Bridging the Language Gap: Enhancing Multilingual Prompt-Based Code Generation in LLMs via Zero-Shot Cross-Lingual Transfer
Mingda Li, Abhijit Mishra, Utkarsh Mujumdar
TL;DR
This work examines biases in multilingual code generation by LLMs and introduces a projection-based zero-shot cross-lingual transfer using the LASER multilingual encoder to map non-English prompts into the LLM token space. A lightweight, English-only training regime on the MBPP dataset trains a projector that aligns LASER embeddings with the LLM via a mapping $H_{llm} = W_{llm} \\cdot H_{laser} + b_{llm}$ and a mean-squared-error loss $MSE = \\frac{1}{N} \\sum_{i=1}^{N} \\| \\hat{H}_{llm}^i - H_{llm}^i \\|^2$, enabling effective zero-shot inference for multilingual prompts while avoiding costly multilingual data collection. The approach yields substantial improvements in TotalER, LER, SER, and ATPR across languages compared to direct prompting and traditional baselines, with high Code Completion Rates, and is demonstrated on a quality-checked translated MBPP benchmark. The method is lightweight, scalable, and compatible with multiple open-source LLMs, and the authors publicly release code and multilingual evaluation data. Future work will broaden language coverage, explore other programming languages, and incorporate denoising or additional objectives to further reduce hallucinations.
Abstract
The use of Large Language Models (LLMs) for program code generation has gained substantial attention, but their biases and limitations with non-English prompts challenge global inclusivity. This paper investigates the complexities of multilingual prompt-based code generation. Our evaluations of LLMs, including CODELLAMA and CODEGEMMA, reveal significant disparities in code quality for non-English prompts; we also demonstrate the inadequacy of simple approaches like prompt translation, bootstrapped data augmentation, and fine-tuning.
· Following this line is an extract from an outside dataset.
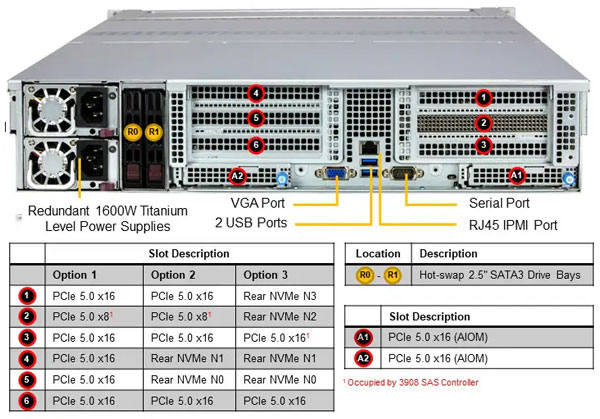 - Up to 6x PCIe 5.0 Slots (Slot #2 populated by 3908 controller by default)

To address this, we propose a zero-shot cross-lingual approach using a neural projection technique, integrating a cross-lingual encoder like LASER to map multilingual embeddings from it into the LLM's token space. This method requires training only on English data and scales effectively to other languages. Results on a translated and quality-checked MBPP dataset show substantial improvements in code quality. This research promotes a more inclusive code generation landscape by empowering LLMs with multilingual capabilities to support the diverse linguistic spectrum in programming.